You were the one to mention “having the balls” to say what we really feel, so that’s what I did.

Pied_Pfeffer's avatar

@jonsblond You are right. I should not have posted the link to the Walmart website. Please note that is not limited to overweight people. That website screams of photos of people looking to achieve a shock factor by their clothes, the vehicles they drive, their make-up and hairstyles.

What people choose to look like in public is okay with me, as long as it is within the law and not hurting anyone. I am just being honest saying that some appearances cause a second-glance reaction from me, and yes, I admitted to being judgmental. It doesn’t stop me from chatting with them, and I can’t recall a time where I’ve said to someone later, “You’ll never guess what I saw…” Despite that, it still doesn’t make it right.

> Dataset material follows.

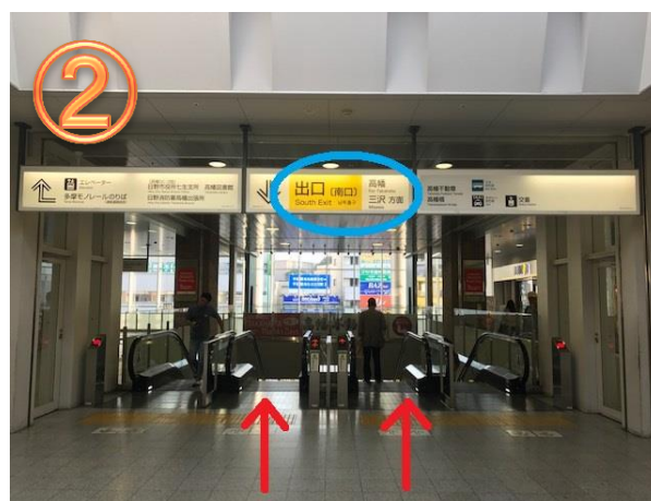
エスカレーターがございますので、改札階(3階)より下(2階)へ降りてください

I’d love to someday achieve a purely unbiased look upon others’ appearance. The more I experience differences, especially through travel to other countries, it seems to help. For now though, I just haven’t been able to flip that switch to “off”. It is still a knee-jerk reflex in some cases.

jonsblond's avatar

@Pied_Pfeffer You have every right to post that link. It just upsets me when people are made fun of by the clothes they wear and where they shop. I know many people hate Walmart, but take it out on the business, not the poor people that shop there. Just something I feel very strongly about. No biggie. :)

FutureMemory's avatar

I don’t understand why anyone gives a shit enough either way to actually have an opinion on the matter. I think people should dress more outlandish than they currently do, whether it’s going out naked or wearing clothes that people deem inappropriate or whatever. I want to see more fat bellies hanging out and more bra straps and more clown suits and even more dudes wearing skirts and make up. At least then I would have something more interesting to look at than the endless droves of spike-belt teens with skinny pants and 1980s style glam metal hairdos.